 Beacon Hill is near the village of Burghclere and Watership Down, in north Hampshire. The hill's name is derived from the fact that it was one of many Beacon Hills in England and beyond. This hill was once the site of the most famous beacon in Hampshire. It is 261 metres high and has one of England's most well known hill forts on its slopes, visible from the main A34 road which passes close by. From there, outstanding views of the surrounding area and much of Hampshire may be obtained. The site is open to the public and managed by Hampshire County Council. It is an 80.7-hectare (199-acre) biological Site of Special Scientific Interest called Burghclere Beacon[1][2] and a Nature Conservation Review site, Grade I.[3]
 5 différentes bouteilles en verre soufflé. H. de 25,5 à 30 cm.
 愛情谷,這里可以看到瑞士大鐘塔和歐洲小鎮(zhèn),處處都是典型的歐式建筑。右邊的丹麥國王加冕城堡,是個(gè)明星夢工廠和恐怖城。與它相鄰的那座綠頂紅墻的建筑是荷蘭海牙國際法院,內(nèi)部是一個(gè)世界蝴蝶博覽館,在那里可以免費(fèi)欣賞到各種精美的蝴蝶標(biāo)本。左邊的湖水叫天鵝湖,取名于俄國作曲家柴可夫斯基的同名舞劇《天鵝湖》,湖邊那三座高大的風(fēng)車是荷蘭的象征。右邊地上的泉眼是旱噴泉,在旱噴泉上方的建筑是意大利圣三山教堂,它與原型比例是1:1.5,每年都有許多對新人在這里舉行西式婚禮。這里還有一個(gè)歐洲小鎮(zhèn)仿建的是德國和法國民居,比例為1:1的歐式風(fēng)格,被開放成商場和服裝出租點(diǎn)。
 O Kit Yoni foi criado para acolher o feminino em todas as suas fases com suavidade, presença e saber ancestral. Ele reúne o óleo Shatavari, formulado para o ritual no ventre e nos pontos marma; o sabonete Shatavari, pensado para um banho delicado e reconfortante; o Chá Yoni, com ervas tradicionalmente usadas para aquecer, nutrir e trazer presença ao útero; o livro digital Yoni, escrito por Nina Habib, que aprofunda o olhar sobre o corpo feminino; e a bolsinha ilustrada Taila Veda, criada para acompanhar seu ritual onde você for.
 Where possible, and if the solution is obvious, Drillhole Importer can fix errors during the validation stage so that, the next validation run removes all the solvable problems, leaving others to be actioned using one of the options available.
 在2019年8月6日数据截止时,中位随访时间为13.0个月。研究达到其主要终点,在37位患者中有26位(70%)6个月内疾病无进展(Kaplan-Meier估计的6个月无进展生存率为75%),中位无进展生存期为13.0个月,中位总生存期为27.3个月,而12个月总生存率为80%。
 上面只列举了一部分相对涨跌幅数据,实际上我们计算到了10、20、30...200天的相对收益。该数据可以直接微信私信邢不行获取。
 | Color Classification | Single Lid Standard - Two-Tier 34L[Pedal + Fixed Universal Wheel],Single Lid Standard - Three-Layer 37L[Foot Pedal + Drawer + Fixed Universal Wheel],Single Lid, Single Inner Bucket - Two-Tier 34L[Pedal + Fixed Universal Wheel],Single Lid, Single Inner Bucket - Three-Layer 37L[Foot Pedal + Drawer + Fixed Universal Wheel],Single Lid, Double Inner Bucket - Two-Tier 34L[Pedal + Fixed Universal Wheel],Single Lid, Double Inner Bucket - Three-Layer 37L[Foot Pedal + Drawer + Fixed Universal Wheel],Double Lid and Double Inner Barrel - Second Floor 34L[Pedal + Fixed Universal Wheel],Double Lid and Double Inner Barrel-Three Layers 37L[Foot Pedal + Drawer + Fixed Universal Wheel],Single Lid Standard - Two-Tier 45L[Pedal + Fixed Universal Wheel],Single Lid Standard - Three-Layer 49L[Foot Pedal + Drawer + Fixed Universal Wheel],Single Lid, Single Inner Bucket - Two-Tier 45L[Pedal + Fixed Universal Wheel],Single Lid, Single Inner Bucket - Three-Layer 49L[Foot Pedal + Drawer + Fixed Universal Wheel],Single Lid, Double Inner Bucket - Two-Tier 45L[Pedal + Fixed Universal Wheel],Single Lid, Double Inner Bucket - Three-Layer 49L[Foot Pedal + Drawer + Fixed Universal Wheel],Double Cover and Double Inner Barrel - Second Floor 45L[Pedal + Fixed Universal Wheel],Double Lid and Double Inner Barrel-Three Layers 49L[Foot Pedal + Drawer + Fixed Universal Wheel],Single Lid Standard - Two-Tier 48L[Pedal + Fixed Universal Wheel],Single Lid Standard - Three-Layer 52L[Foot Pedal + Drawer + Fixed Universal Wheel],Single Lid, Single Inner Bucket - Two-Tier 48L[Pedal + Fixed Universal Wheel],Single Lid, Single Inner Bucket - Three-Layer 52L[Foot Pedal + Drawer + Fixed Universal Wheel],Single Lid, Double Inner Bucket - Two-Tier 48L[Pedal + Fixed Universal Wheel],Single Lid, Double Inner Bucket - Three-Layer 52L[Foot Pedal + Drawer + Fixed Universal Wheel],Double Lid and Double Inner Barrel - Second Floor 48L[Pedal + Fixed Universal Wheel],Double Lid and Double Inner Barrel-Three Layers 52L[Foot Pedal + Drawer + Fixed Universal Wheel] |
____________________
ASSIGNMENT:
Of the lines above, extract only those from the line with "5 différentes bouteilles" to the line with "愛情谷,這里可以看到瑞士大鐘", both included, exactly as written.

RESPONSE BOX:
 5 différentes bouteilles en verre soufflé. H. de 25,5 à 30 cm.
 愛情谷,這里可以看到瑞士大鐘塔和歐洲小鎮(zhèn),處處都是典型的歐式建筑。右邊的丹麥國王加冕城堡,是個(gè)明星夢工廠和恐怖城。與它相鄰的那座綠頂紅墻的建筑是荷蘭海牙國際法院,內(nèi)部是一個(gè)世界蝴蝶博覽館,在那里可以免費(fèi)欣賞到各種精美的蝴蝶標(biāo)本。左邊的湖水叫天鵝湖,取名于俄國作曲家柴可夫斯基的同名舞劇《天鵝湖》,湖邊那三座高大的風(fēng)車是荷蘭的象征。右邊地上的泉眼是旱噴泉,在旱噴泉上方的建筑是意大利圣三山教堂,它與原型比例是1:1.5,每年都有許多對新人在這里舉行西式婚禮。這里還有一個(gè)歐洲小鎮(zhèn)仿建的是德國和法國民居,比例為1:1的歐式風(fēng)格,被開放成商場和服裝出租點(diǎn)。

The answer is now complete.